Comments (17)
The problem is Amiri uses the Private Use Area. Once the box is built, there is no information about the direction of the glyphs. If the direction is set explicitly with \babelcharproperty
(I don't know the exact range), the text is rendered correctly:
\documentclass{article}
\usepackage[bidi=basic]{babel}
\babelprovide[import=ar-DZ, main]{arabic}
\babelfont{rm}{Amiri}
% The following range is just a guess:
\babelcharproperty{980000}[990000]{direction}{al}
\begin{document}
\setbox0=\hbox{نص عربي}
\unhbox0
\end{document}
You may use this macro as a workaround, but I must investigate a better solution.
from babel.
@jbezos Marcel (@zauguin) is investigating bidi in luaotfload too. Perhaps some coordination is needed/useful, see e.g. latex3/luaotfload#82.
from babel.
Yes, I know (and these are great news), but I just got back from a trip. I still have to look at it.
from babel.
The problem is Amiri uses the Private Use Area.
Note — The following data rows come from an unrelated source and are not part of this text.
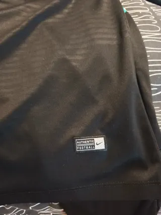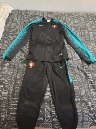 Conjunto deportivo de chándal de la selección de Portugal. - Chaqueta negra con detalles en azul turquesa en las mangas. - Pantalón negro. - Logos de Nike y escudo de Portugal bordados. - Talla M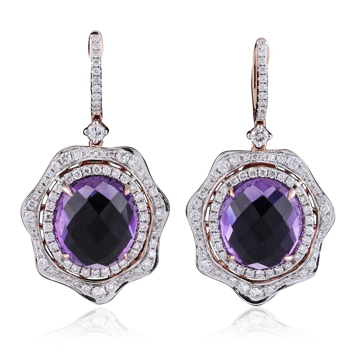 One pair of earrings featuring: 14KT rose gold with a total weight of 9.05 grams, (2) amethysts with a total weight of 16.33ctw, and (164) diamonds with a total weight of 1.88ctw.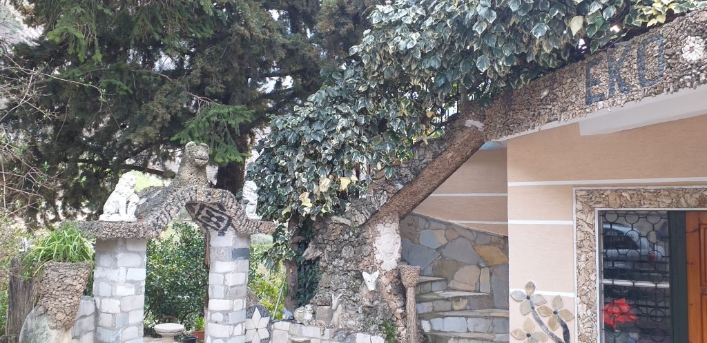 Ky oaz quhet EKOVILA edhe per shkak te dhjetra lloje bimesh, pemesh frutore, nje parku me blete, ne nje kopsht botanik te vertete. Fasadat,, harkadat, korridoret e rrugicat e kalimit gershetohen me mozaike pa fund dhe ide te flaores dhe faunes malore te ketyre aneve. Zbret shkallaret permes nje tuneli te gjelber me hardhi dhe del ne :Shesh i Miqve, i “pagezuar” keshtu nga Shemja, ku prehen miqte, dhe ku nje objekt nje katesh i teri i dekoruar me mozaike, te mberthen nga kureshtja…..Kudo, duart e mjeshtrit te gurit, Sheme…

What you are seeing is the way luaotfload handles glyph indices that don’t directly map to Unicode code points, Amiri itself does not use any PUA.
The real problem here is trying to apply BiDi on output glyphs, which by definition can not work since BiDi needs the original characters in their original order. Either unboxed nodes needs to carry the original direction information as well and BiDi algorithm need not be run again on them (needs changes to the engine I think, probably not easy to implement), or unboxing should to be avoided altogether since it comes from a very simplistic view of modern text layout.
from babel.
(also excuse my ignorance, but why unbox a box instead of using it as is?)
from babel.
(also excuse my ignorance, but why unbox a box instead of using it as is?)
latex (even with no packages loaded) does that quite a lot, eg list labels are set as
\hbox to\labelwidth {\unhbox\@tempboxa}%
which shows the typical case, you box up text to find its natural width but then having decided by some calculation which width to use for all of them you unbox the texts allowing any glue within them to stretch or shrink to hit the target width.
The other use of course is to allow line breaking. (Although there are possibly less cases where you need to box first but still allow lines to break)
from babel.
Well, then this needs to be dealt with as BiDi can’t be applied to the unboxed content in this case. BiDi would need to be applied at box creation time then the direction information somehow need to be carried over when unboxed.
This still might not give the expected output, since if the unboxed content became part of a larger chunk of text (e.g. part of a paragraph) the result of applying BiDi algorithm can be different than when processed standalone.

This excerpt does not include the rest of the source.